Sancho ne voyant plus à combattre, et se ressouvenant que la dépouille était à lui, fouilla les vivants et les morts, sur qui il trouva encore un butin qui lui plut beaucoup, quoiqu’il ne fût pas si considérable que le premier ; il leur laissa néanmoins leurs habits, parce qu’ils ne valaient pas la peine d’être emportés. Pendant qu’il était occupé à cette belle action, Don Quichotte l’avait été à faire lier ceux qui étaient encore en état de défense, et tous deux n’ayant plus rien à faire, Sancho se ressouvint qu’il avait soif, et fit ressouvenir son maître de la même chose.

Ils levèrent en même temps l’armet, Don Quichotte pour aller à la duchesse, et Sancho pour boire. Ce fut là que cette dame les ayant reconnus, en fut en même temps surprise et réjouie. On laisse à penser au lecteur les remerciements qu’elle leur fit, et qu’elle avait en effet sujet de leur faire. Notre héros lui dit, qu’il était le plus heureux de tous les chevaliers, de ce que la fortune lui avait fourni l’occasion de lui rendre service. Qu’il était très fâché du risque qu’elle avait couru, mais aussi qu’il était très réjoui de l’en avoir retirée. Elle remercia aussi Sancho qui lui dit à l’oreille, qu’en peu de temps elle en verrait bien d’autres, puisque les enchanteurs ne les persécutaient plus tant qu’ils avaient fait ; et qu’ils en avaient un du premier ordre avec qui ils avaient contracté amitié. Il n’en voulut pas dire davantage, de crainte d’être entendu de son maître, qui présenta la main à la duchesse, pour la faire descendre de carrosse, pour en ôter le corps de son écuyer. Sancho le voulait encore fouiller, mais il en fut empêché par Don Quichotte, qui lui dit, que ce n’était pas un ennemi, et que par conséquent, ce qu’il avait n’était pas de bonne prise. Il entretint cette dame pendant qu’on raccommodait son train, avec tant de courtoisie et de sagesse, qu’elle ne savait que juger d’un homme qui était effectivement fou, et qui pourtant parlait de si bon sens et se battait avec tant de conduite et de valeur.
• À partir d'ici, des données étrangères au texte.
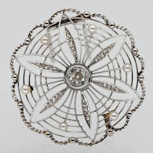 Edwardianische Filigranbrosche in Blütenform mit Altschliffdiamanten und Orientperlen, Goldschmiedearbeit, um 1910900,00 €Unmarked: probably platinum; total weight: approx. 8.7 g; 12-lobed floral design with filigree wire elements, milgrain detailing and corded border decoration; centrally set old-cut diamond approx. 1 ct, clarity: SI2-P1, colour: G-H; six elliptical cartouches radiating from the centre, each set with five diamond roses, total approx. 0.22 ct, colour: middle range, clarity: all ranges; six evenly spaced silver-grey oriental pearls with slightly dull silvery lustre, diameter: approx. 2.7 mm; sliding hook with double pin stem; diameter: approx. 39 mm; height: approx. 11 mm.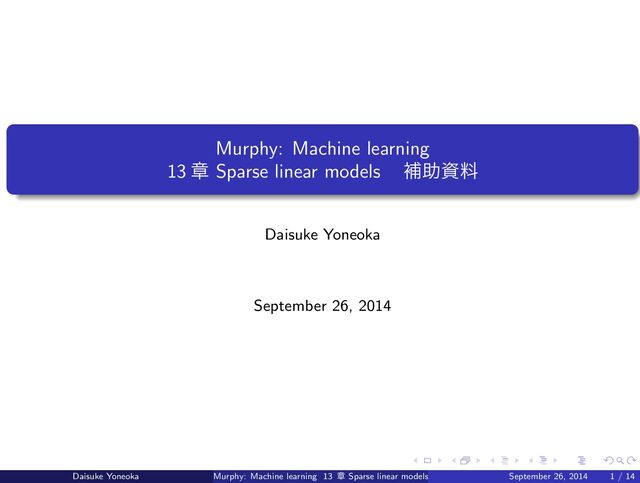 γ, σ2 ∼ N( γjwjxij, σ2) γj ∼ Ber(π0 ) wj ∼ N(0, σ2 w ) Called Bernoulli-Gaussian model or binary mask model. (γj ͕ wj Λ mask out ͯ͠ ͍Δ) binary mask: γj → y ← wj vs slab: γj → wj → y γj ͱ wj ͷࣝผੑ͕ͳ͘ γj wj ͔ࣝ͠ผෆՄ ͪΐ ͬͱ͍͍͜ͱ͋ΔΑʂNon-Bayeisan ʹ׳Ε͠·Ε͍ͯΔײ͡ʹͳΔ Joint prior p(γ, w) ∝ N(0, σ2 w )π∥γ∥0 0 (1 − π0)D−∥γ∥0 ͜͏͢Δͱ log posterior f(γ, w) ≡ −2σ2 log p(γ, w, y|X) = ∥y − X(γ. ∗ w)∥2 + σ2 σ2 w ∥w∥2 + λ∥γ∥0 + const, ͨͩ͠ γ ≡ 2σ2 log( 1 − π0 π0 ). w−γ = 0 ͱ wγ Λ γ ͕ 0 or 1 ͷͱ͖ͷ w ͱ͠,σ2 w → ∞ Ͱ f(γ, w) = ∥y − Xγwγ∥2 2 + λ∥γ∥0. ɹ͜Εͬͯ, ্ͷ BIC ͷࣜʹࣅ͍ͯΔΑͶ l0 regularization; γ ͏ͷΊͯ,support ͱͯ͠ w ͷॏཁੑΛද͢มΛఆٛ͢Δ͜ ͱͰ f(w) = ∥y − Xw∥2 2 + λ∥w∥0 ͜ΕͰ࠷దԽΛ γ ∈ {0, 1} ͷ͔̎Β࿈ଓ w ʹมՄೳ. Ͱ, ୈೋ߲·ͩ·ͩ ࠷దԽ͠ʹ͍͘! Daisuke Yoneoka Murphy: Machine learning 13 ষ Sparse linear models ɹิॿࢿྉ September 26, 2014 6 / 14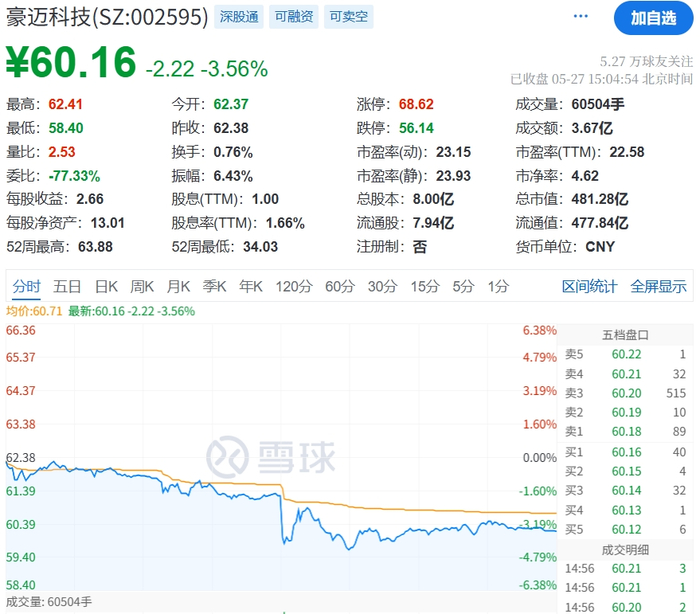或许是受到上述消息影响,A股收盘时豪迈科技报60.16元/股,下跌3.56%,总市值481.28亿元。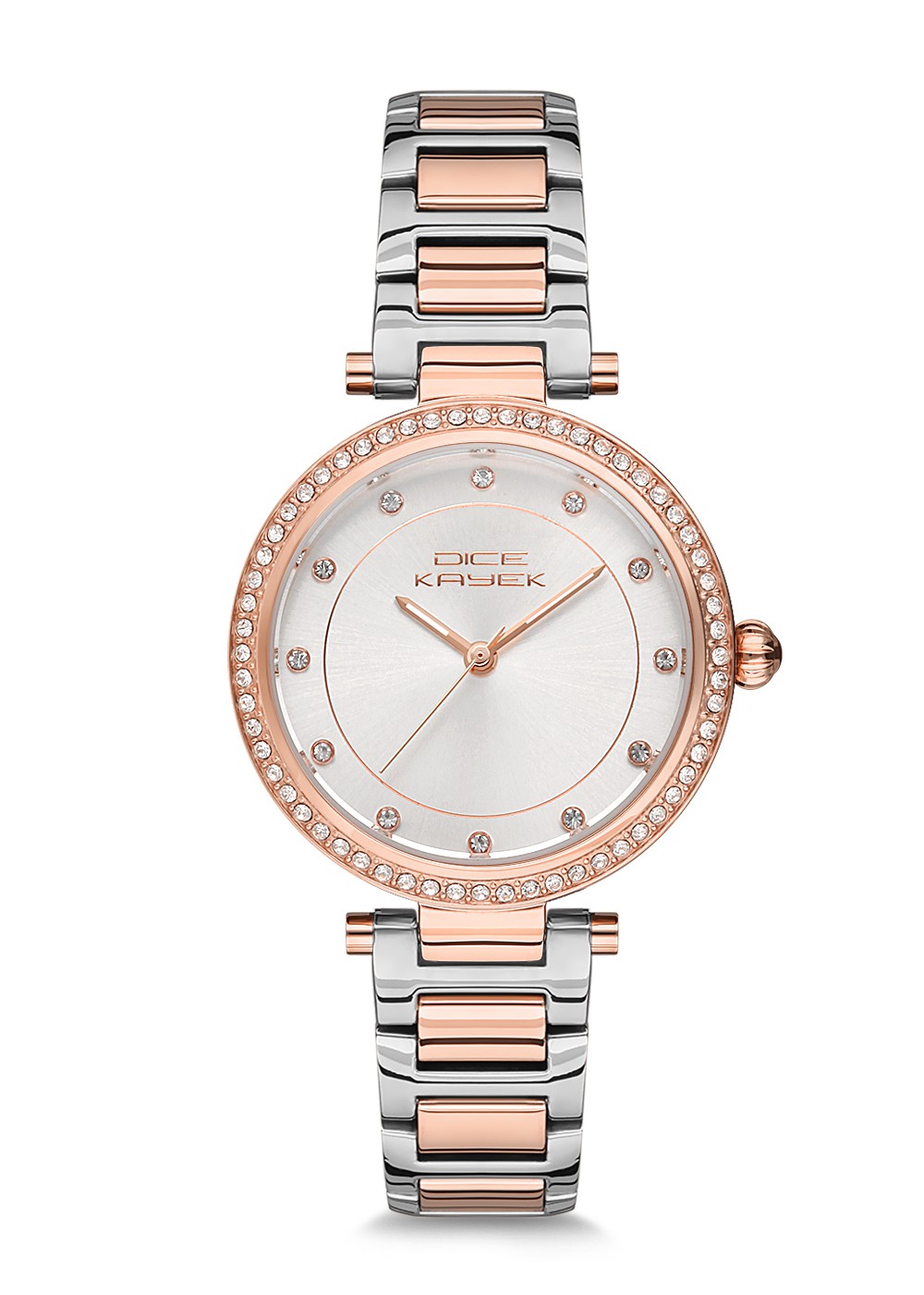 Kadın - Taşli - Rose Beyaz - Gümüş - Paslanmaz Masi̇f Çeli̇k - 3 Atm - Dice Kayek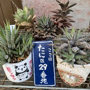 硬葉系のハオルチア😊 十二の巻としてホームセンターでお迎えしましたが、なんとなく新芽の色が薄く斑入りのようにも見えるので白蝶っぽいかな?と思っています😆 最後picは数年前に分けた子株です☺️ すっかり大きくなりました✨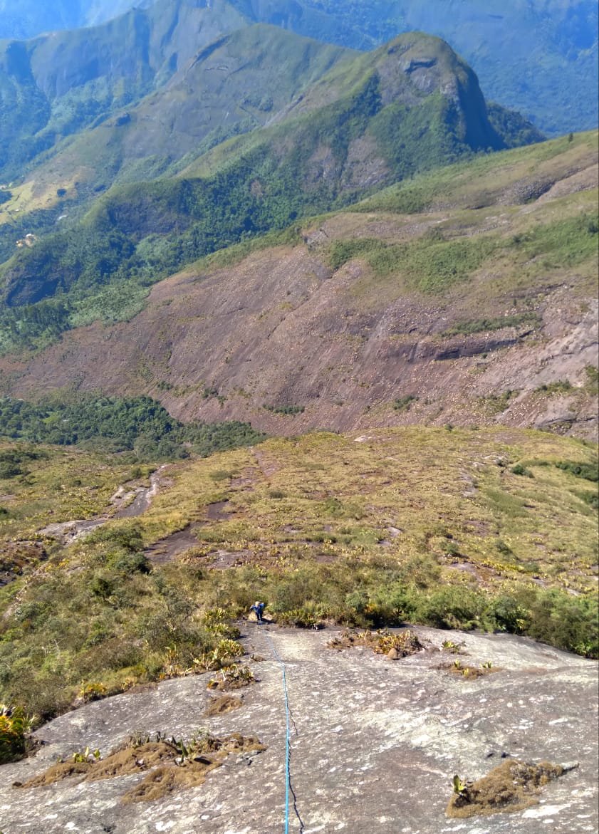O alcance visual se ampliava e a paisagem se tornava cada vez mais bela à medida que completávamos mais um esticão e eu mentalizava um a menos na contagem. Até que finalizamos o penúltimo, que termina em uma confortável plataforma horizontal. Ainda havia um lance de quinto grau na pequena e lisa parede a nossa frente.
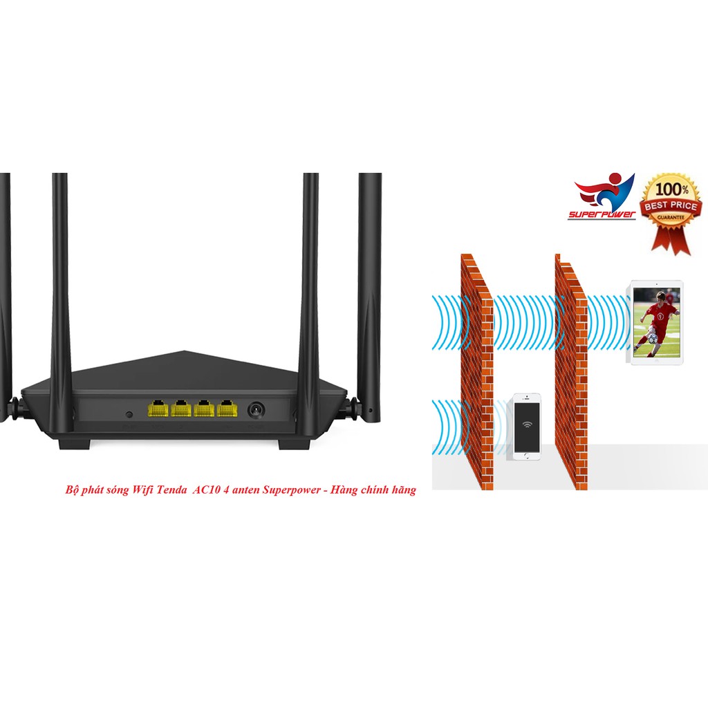 [Mã 254ELSALE giảm 7% đơn 300K] Bộ phát sóng Wifi Tenda AC10 4 anten Superpower - Hàng chính hãng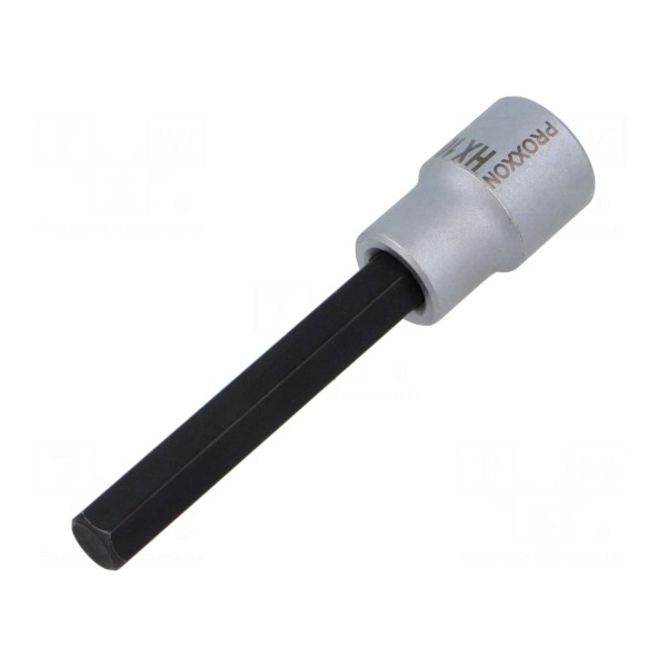 Całkowita długość nasadki wynosi 100mm. Konstrukcja umożliwia obsługę śrub z gniazdem sześciokątnym w miejscach o ograniczonej przestrzeni.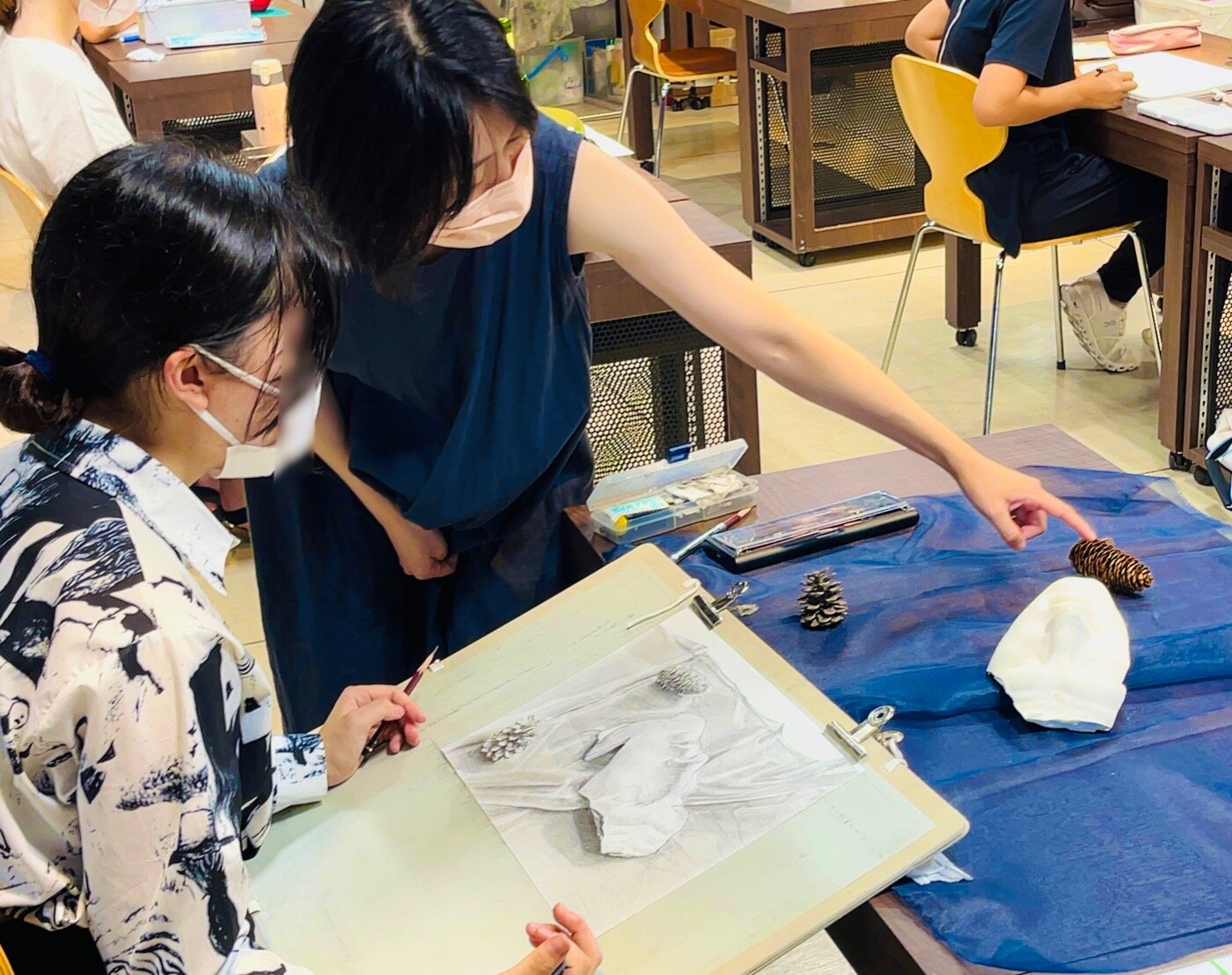 安井彩子先生がデッサンのポイントを丁寧に教えてくださいます。

Il avait mis pied à terre pour aider à la duchesse à descendre de carrosse, et Sancho n’était point encore remonté sur son cheval, lorsque la duchesse, qui s’informa du duc son époux, ayant appris qu’il était lui-même dans la forêt à la quête des bandits, en eut une vive douleur, craignant qu’il ne s’en trouvât quelqu’un assez déterminé pour aller à lui, comme il en était venu à elle, et cherchant dans sa tête le moyen de le retirer d’un lieu où il courait tant de péril, elle n’en trouva point de meilleur ni de plus facile, que celui de faire tirer plusieurs coups de mousquet, ne doutant pas qu’il ne vînt au feu, comme en effet elle ne se trompa pas. On avait ôté aux six bandits qui l’avaient attaqué[e], leurs armes et leur poudre ; ainsi elle ordonna à ses gens de s’en servir pour tirer coup sur coup. Ils le firent, et Sancho qui voulut à contretemps faire l’officieux, se mit de la partie malgré son serment, de ne rien avoir à démêler avec une arme infernale. Il ne savait par où s’y prendre, mais sa vaine gloire ne lui permit pas d’avouer son ignorance.